We study 1540 adult AML patients from three clinical trial cohorts of the AML-SG (HD98A, HD98B and 07-04) using a targeted re-sequencing approach. Taken together with cytogenetic analysis we identify 5,241 driver variants across 55 genes and 23 recurrent cytogenetic alterations. We incorporate these to diagnostic and clinical outcome data (median follow-up=2169 days), perform  classification analysis to determine molecular subgroups, and apply variable selection models to characterize prognostic biomarkers.

We find at least 1 driver mutation in 97% patients in the study, and importantly at least 2 in 85%. There was a long tail of infrequently mutated driver genes, with only 30% of the events seen in >10% of patients. The number of drivers increases with age and patients with normal karyotype have more mutations than patients with cytogenetic abnormalities. Using the fraction of reads reporting a gene mutation to distinguish subclonal from clonal mutations, we identify 690 samples with at least 2 driver mutations and subclonal heterogeneity and map recurrent preferences in  order of mutation acquisition.
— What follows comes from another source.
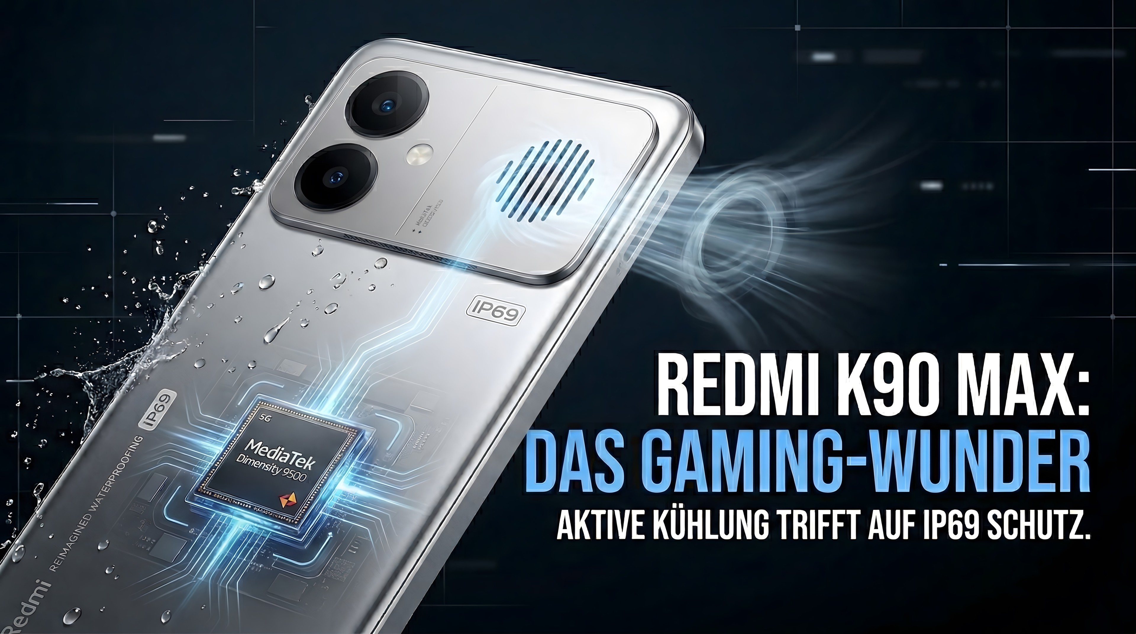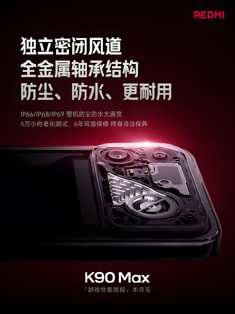 Eine technische Besonderheit stellt die Zertifizierung nach IP66, IP68 und IP69 dar. Bisher war die Kombination aus einer Gehäuseöffnung für einen Lüfter und einem hohen Schutz gegen Wasser und Staub technisch schwer realisierbar. Beim Redmi K90 Max nutzt Xiaomi einen isolierten und versiegelten Luftkanal, der den Luftstrom physisch von der empfindlichen Elektronik im Inneren trennt. Damit ist das Gerät sogar gegen Hochdruckwasserstrahlen geschützt. Um die Langlebigkeit der mechanischen Komponenten zu unterstreichen, gewährt der Hersteller eine sechsjährige Garantie auf das Kühlsystem sowie eine lebenslange kostenlose Reinigung und Wartung des Lüfters.

We survey the composite genomic architecture and define 10 classes, which are broadly defined by inv(16); t(8;21), t(var;11q23), inv(3), t(6;9), bi-allelic CEBPA, NPM1/DNA hydroxymethylation, TP53/aneuploidies, chromatin/spliceosome and DNMT3A/IDH2 mutations, and collectively account for 85% of patients. The definition of each class extends beyond a single lesion and is rather determined by class-specific initiating events and co-operative lesions that are ordered in time. Many of these interactions extend to mutation clusters or hotspots within genes as evidenced by pairings between FLT3 TKD/ITD, NRAS c.12-13/c.61, IDH2 c.140/c.172 and CEBPA mono/bi-allelic mutations. As expected, evaluation of clinical phenotype and outcome associations identifies broad correlations between class, phenotype, response to induction chemotherapy and overall survival. Strikingly, we find that specific molecular contexts within each class (as defined by secondary and tertiary interactions) correlate with distinct and often opposing outcome trajectories and clinical phenotype ranging from excellent to highly adverse clinical outcomes. These relationships are underpinned by models of additive risk or suggestive of genetic epistasis.
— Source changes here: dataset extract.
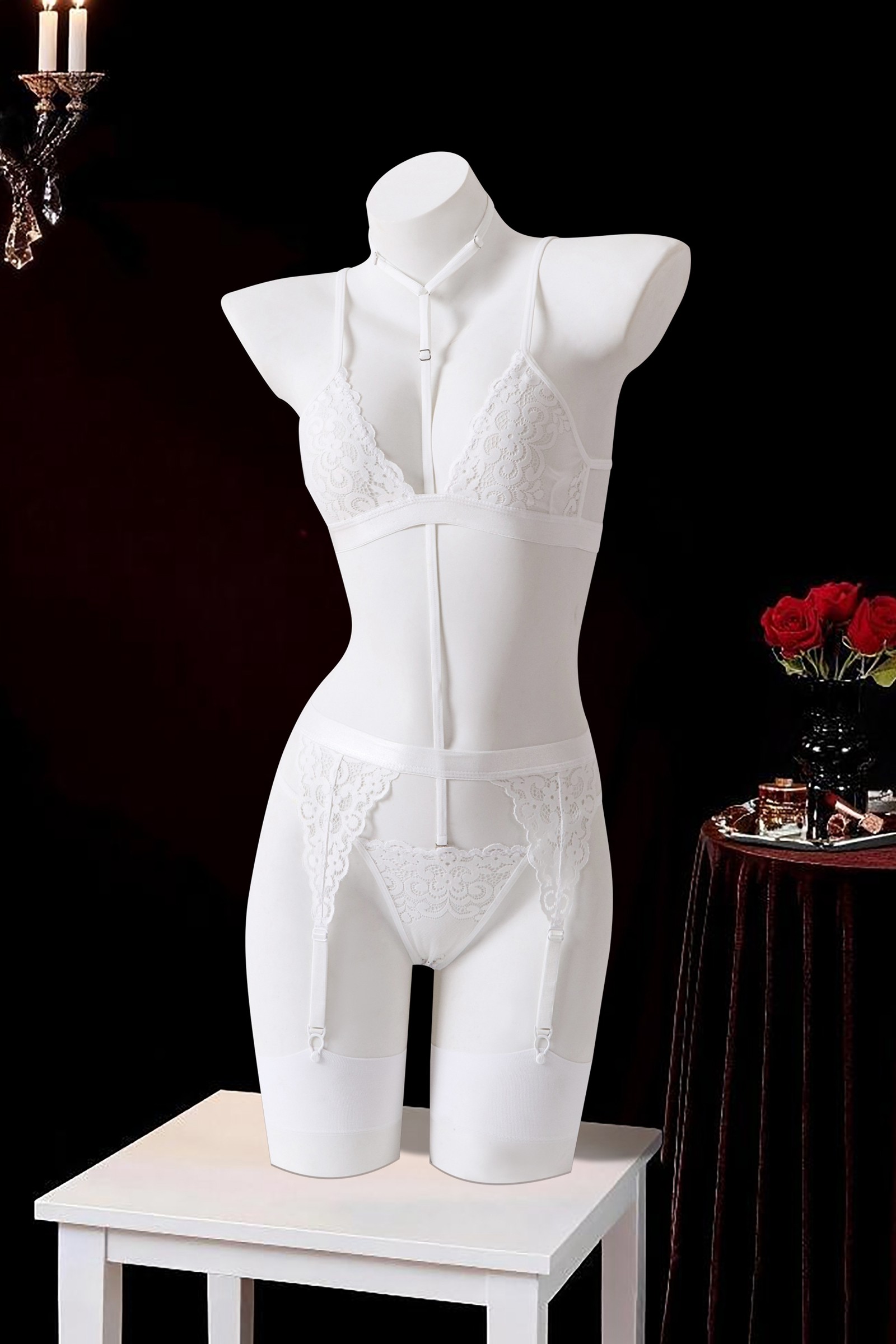 White bra set with stockings

Using overall survival as a primary endpoint we evaluate the known landscape of driver mutations, and genetic interactions. We derive a comprehensive set of significant factors and identify at least three genetic interactions that retain significance (q<0.01) in the presence of other clinical and demographic variables. Importantly we identify at least one prognostic predictor in 70% of the patients and observe a three-fold increase in patients with 2 or 3 prognostic predictors relative to current molecular prognostication guidelines.

Taken together, we study an extended and well-annotated clinical cohort we demonstrate the potential of recent genetic findings to deliver improved classification and risk stratification algorithms that extend beyond single biomarker correlations, capture most AML patients and that are tailored to the individual patients genomic profiles.